Off-Broadway Review: “The Light Years” at Playwrights Horizons

Off-Broadway Review: “The Light Years” at Playwrights Horizons (Through Sunday April 2, 2017)
Written by Hannah Bos and Paul Thureen
Directed and Developed by Oliver Butler
Reviewed by Michele Willens
Theatre Reviews Limited

“You are not simply an electrician, you are illuminating the world!” claims one of the six characters in “The Light Years,” a pleasant, but less than fulfilling concoction now playing at Playwrights Horizons. Produced by a company called the Debate Society – which recreates slices of Americana – it focuses on two Chicago world fairs, exactly forty years apart. It is also about invention, creativity, failure and loss.

Obviously, the four decades between 1893 and 1933 were huge ones, especially when one thinks of how technology evolved. Who knew that in the first of Chicago’s fairs, a charismatic man was dreaming up something called the Spectatorium, a brightly beaming theatre to seat some 12,000 visitors? Alas, it never came to be.

This intermission-free six-actor piece time travels – though two characters span both the mega events – and the sets, costumes and props accordingly change before our eyes. There are deaths, explosions emitting from dreamy contraptions, actors roaming among the audience, and dialogue that certainly tickles the audience, if not my particular funny bone.

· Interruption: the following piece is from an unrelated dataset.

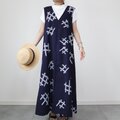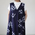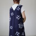 古い浴衣から作ったジャンパースカートです。紺に白抜きの藤の花柄。前後Vネックで体のラインがすっきりと見えます。肩から胸位置にのみ裏地つき。

The actors are all very good, particularly the sprightly and witty Aya Cash, who plays two women of the dual periods, and Rocco Sisto, who plays the actual figure with the great name of Steele MacKaye. The visionary behind the Spectatorium folly, MacKaye is little remembered at all today. He wrote, he directed, he dreamed big, and by the way, he invented folding theatre seats and the free playbill.

“The Light Years” was co-written by Hannah Bos and Paul Thureen, who admit they have always been fascinated with World Fairs: those odd entities that build big, show millions of visitors what the future may hold, and then generally tear it all down. This production gives us a taste of that, though it is far less gripping than the hugely popular book “Devil in The White City.” But it is certainly recommended for a family’s night out. There is a bright and curious child, flashing bulbs of all sizes and shapes, constellations sparkling from above, and even some history that goes down easily.